Human genes and diseases can be annotated from the web (http://123.59.132.21:8080/BLAT2DOLite/geneid2diseasename.jsp), a case of which is shown in Fig 3.

thumbnail
Fig 3. Schematic workflow of annotating human genes and diseases.

https://doi.org/10.1371/journal.pone.0157274.g003

According to the figure, the system could return diseases after submitting an Entrez Gene ID. In this case, the inputted gene ID was ‘28’. And diseases could be affected by this gene were listed in the result page, such as bladder cancer, squamous cell cancer, and so on. Similarly, the system could return Entrez Gene IDs after submitting a disease term. In this case, the inputted disease term was ‘Abortion’. And gene IDs could induce this disease were listed in the result page, such as ‘52’, ‘153, and so on.

A case for identifying the significant relationships between sequences and diseases

The significantly related diseases of sequences could be identified from the web (http://123.59.132.21:8080/BLAT2DOLite/sequence.jsp), a case of which is shown in Fig 4.

thumbnail
Fig 4. Schematic workflow of identifying significant relationships between sequences and diseases.

https://doi.org/10.1371/journal.pone.0157274.g004

In this system, DNA sequences with FASTA format, in which nucleotides are represented using single-letter codes, could be submitted as an input.

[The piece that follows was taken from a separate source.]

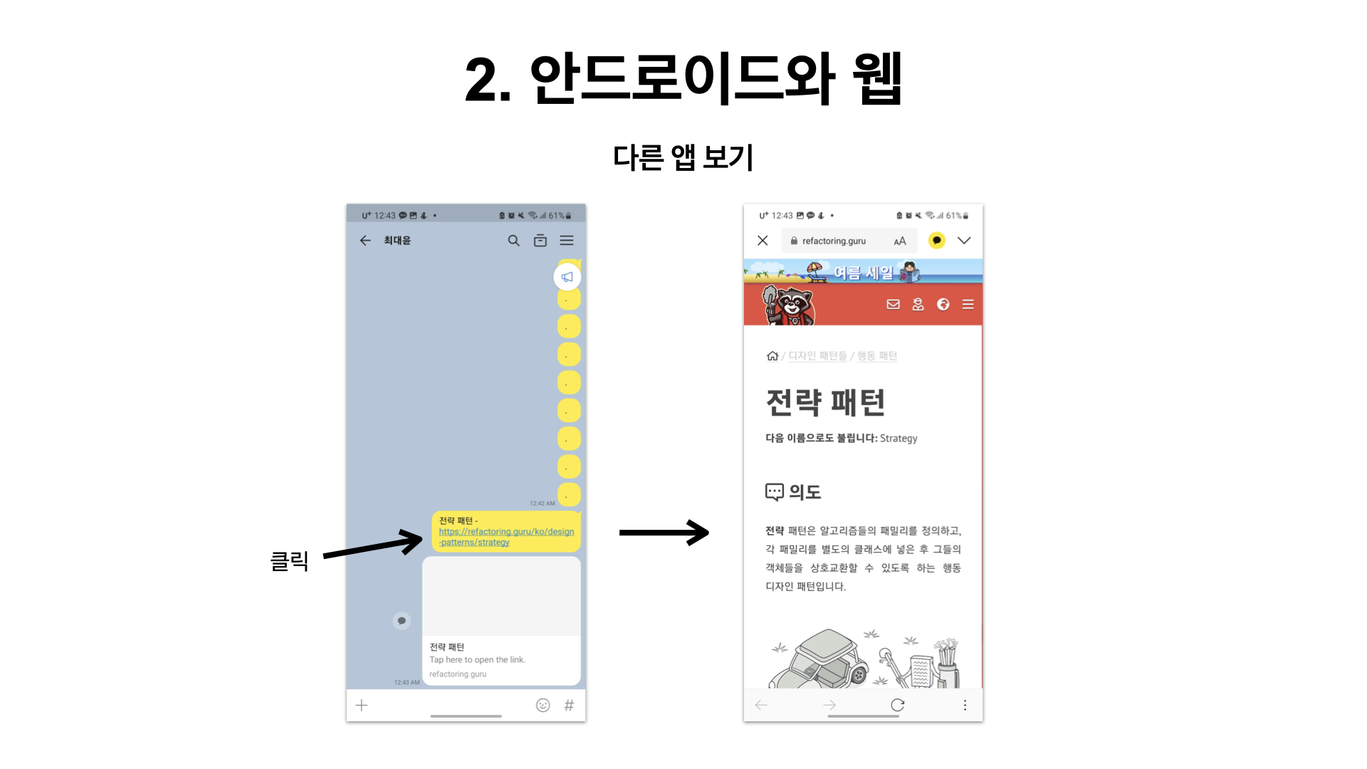대표적으로는 카카오톡에서 링크를 클릭했을 때가 있겠습니다. 앱안에서 링크가 열리는 것을 볼 수 있습니다.

This format originates from the FASTA software package [35], but has now become a standard in the field of bioinformatics.

According to the schematic workflow of BLAT2DOLite in the Fig 1. First, sequences could be mapped to locus in the hg19. This mapping result could be returned to the result page. Next, the locus of these sequences could be mapped to Entrez Gene IDs based on the integrated Entrez Gene database. The corresponding associations between locus of these sequences and the locus of genes could also be shown in the result page. Then, these mapped gene IDs were annotated with diseases by BLAT2DOLite. The annotation result was not shown in this result page, in case the annotation function was provided by the system in the annotation page. Finally, the hypergeometric test was used to calculate P-values between these mapped genes and each disease of DOLite. Diseases with P-value less than 0.05 could be shown in the result page.

In the case shown in the Fig 4, the sequences in the web page were used as input. And the result page including ‘Sequence-Locus Mapping’, ‘Locus-Gene ID Mapping’ and ‘Disease P-value’ sections could be returned. In the ‘Sequence-Locus Mapping’ section, the identifiers of mapped sequences were shown in the first column of the table. And the mapped chromosome, start position, and end position of sequences in the same line were listed in the next three columns, respectively. For example, sequences gi|224589803:6898638–6929976 were mapped to locus from 6898637 to 6929976 in the twelfth chromosome. In the ‘Locus-Gene ID Mapping’ section, the relationships between loci of sequences and Entrez Gene IDs could be obtained. For example, in the first line of the result table of this section, the loci of gi|224589803:6898638–6929976 was mapped to Entrez Gene ‘920’. In the ‘Disease P-value’ section, significantly related diseases of these sequences were listed ranked by the P-values in descending order. In this case, diabetes mellitus was identified as the most significant disease of these sequences, so it was listed in the top of the corresponding result table.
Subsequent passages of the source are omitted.